Save lewisrodgers/5520f7a5a2d2604b5a64509b6fc25e5c to your computer and use it in GitHub Desktop.
Deploying Cloud Functions to schedule a Python Dataflow pipeline.

Deploying Cloud Functions to schedule a Python Dataflow pipeline.

Use this as a guide. But instead of using the java runtime, we'll use python.

The setup can be accomplish with virtualenv to create an isolated environment.

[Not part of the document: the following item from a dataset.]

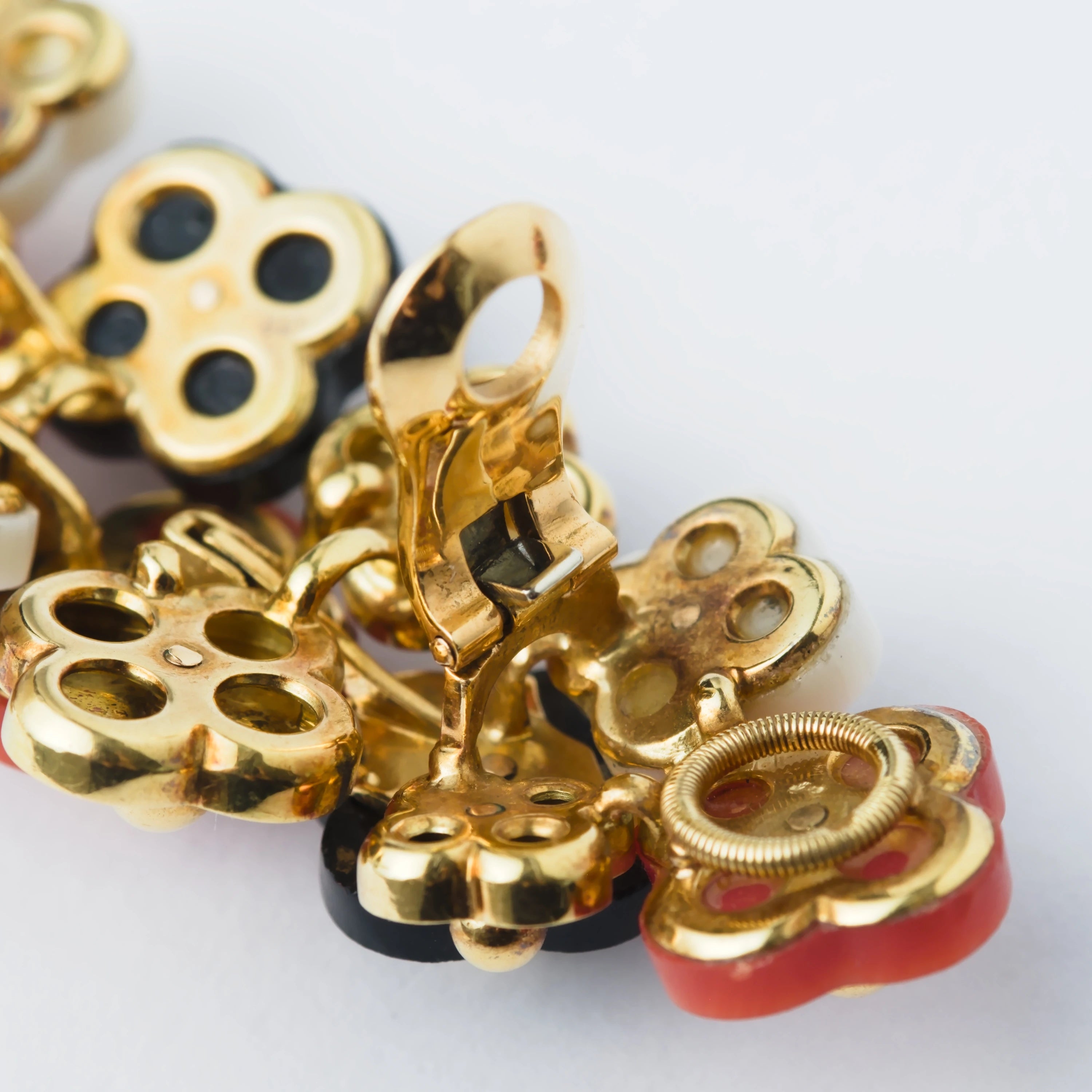 Bulgari Gold, Coral, Onyx & White Agate Earrings - '90s

The project folder structure will look like this:

cloudfunction/
- index.js
- pipeline.py
- ENV/

So...

mkdir cloudfunction
cd cloudfunction
pip install virtualenv
virtualenv ENV

Install the Dataflow SDK (2.4.0) inside the virtual environment.

source ENV/bin/activate
pip install google-cloud-dataflow

Dump your Cloud Function index.js script and Dataflow pipline.py script into the project folder.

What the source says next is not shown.